- Arcade flyer
- Developer: Namco
- Publisher: Namco
- Designer: Yutaka Kounoe
- Platform: Arcade
- Release: JP: December 1991;
- Genre: Multidirectional shooter
- Modes: Single-player, multiplayer

= Tank Force =

1991 video game

 is a 1991 multidirectional shooter video game developed and published by Namco for arcades. It was released only in Japan in December 1991. It was designed by Yutaka Kounoe, whose works include Dig Dug, Lucky & Wild, and Point Blank. The game is a sequel to Namco's Battle City (1985), itself a successor to Tank Battalion (1980). In 2017, the two-player version was re-released for the Nintendo Switch as part of the Namco Museum compilation. Hamster Corporation also released the game as part of their Arcade Archives series for the Nintendo Switch and PlayStation 4 in January 2023.

==Gameplay==
The gameplay is much like that of Tank Battalion, except that this time up to two (on an upright model) or four (on a cocktail) players can play simultaneously. There are seven new types of enemy tanks (Normal Tanks, Speed Tanks, Hard Tanks, Big Tanks, Rapid Tanks, Tomahawk Tanks and Jeeps) and fifteen types of powerups (Bonus 500, 1000, 2000 and 3000, Shot Powerup, 4-Way Shot, Hyper Shot, Ripple Laser, Twin Shot, Small, Shield, Bomb Attack, Timer Stop, Force Field and Extend) which appear for players to collect in order to increase their tanks' firepower and boost their score. The enemies also roll into view from the top of the screen instead of just appearing and can also enter from the left and right sides. Every fourth round is a "boss" round where the players must fight Train Cannons, AK Tanks and Boss Cannons at the top of the screen as well as the round's regular enemies. The players cannot destroy their own headquarters walls, when one player shoots another they will be pushed back.
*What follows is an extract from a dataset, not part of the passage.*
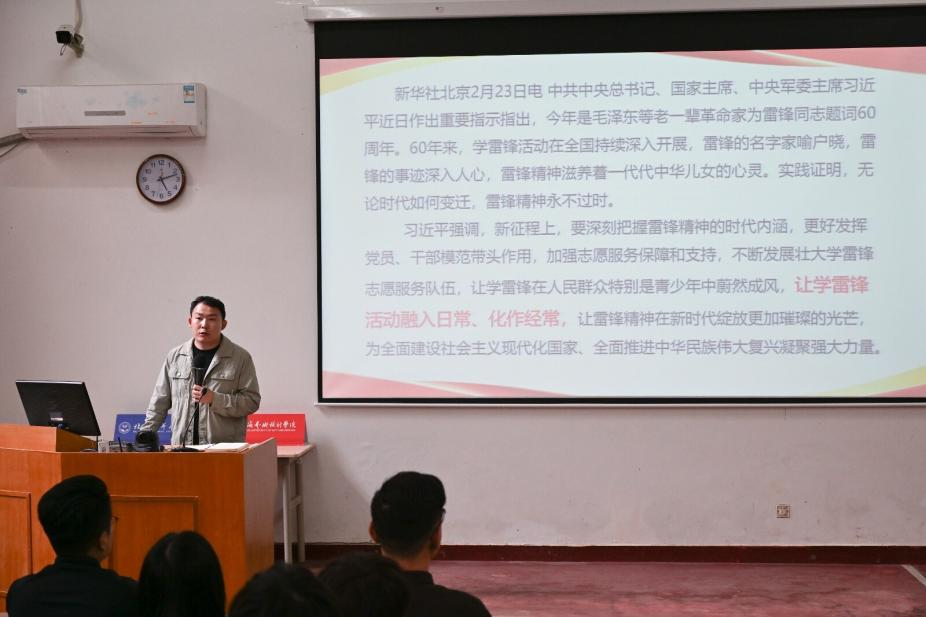 3月初,学院党总支牵头,联合分团委、学工办举行学雷锋活动启动仪式暨志愿服务月动员大会。党总支副书记巴瑞斌讲授专题党课,解读雷锋精神时代内涵,传达习近平总书记关于深入开展学雷锋活动的重要指示精神,强调雷锋精神永不过时。分团委书记王宇凡部署校园清洁等志愿服务任务,明确分工与标准。党总支书记张帆作总结讲话,鼓励同学们将雷锋精神融入日常、化作经常,在实践中锤炼品格、增长才干。
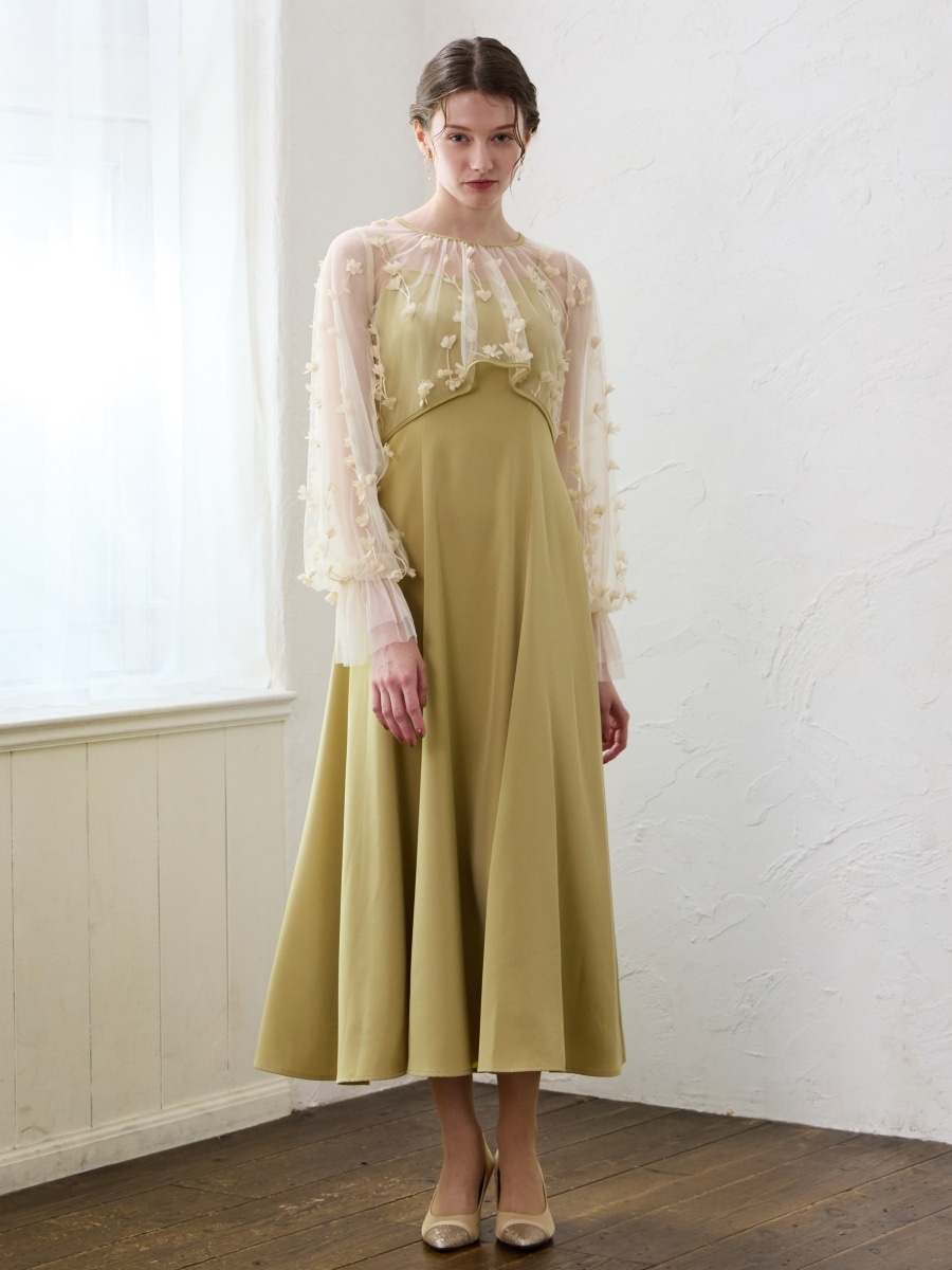 エンブロイダリーチュールパイピングドレス

The game has an ending which will be seen after clearing all thirty-six rounds.

==Reception==
Game Machine reported that Tank Force was the fourth most-popular arcade game of February 1992.

In his review for Namco Museum on the Nintendo Switch, Damien McFerran of Nintendo Life said that Tank Force made for an odd inclusion due to its obscurity, describing it as "Pac-Man with tanks and destructible environments".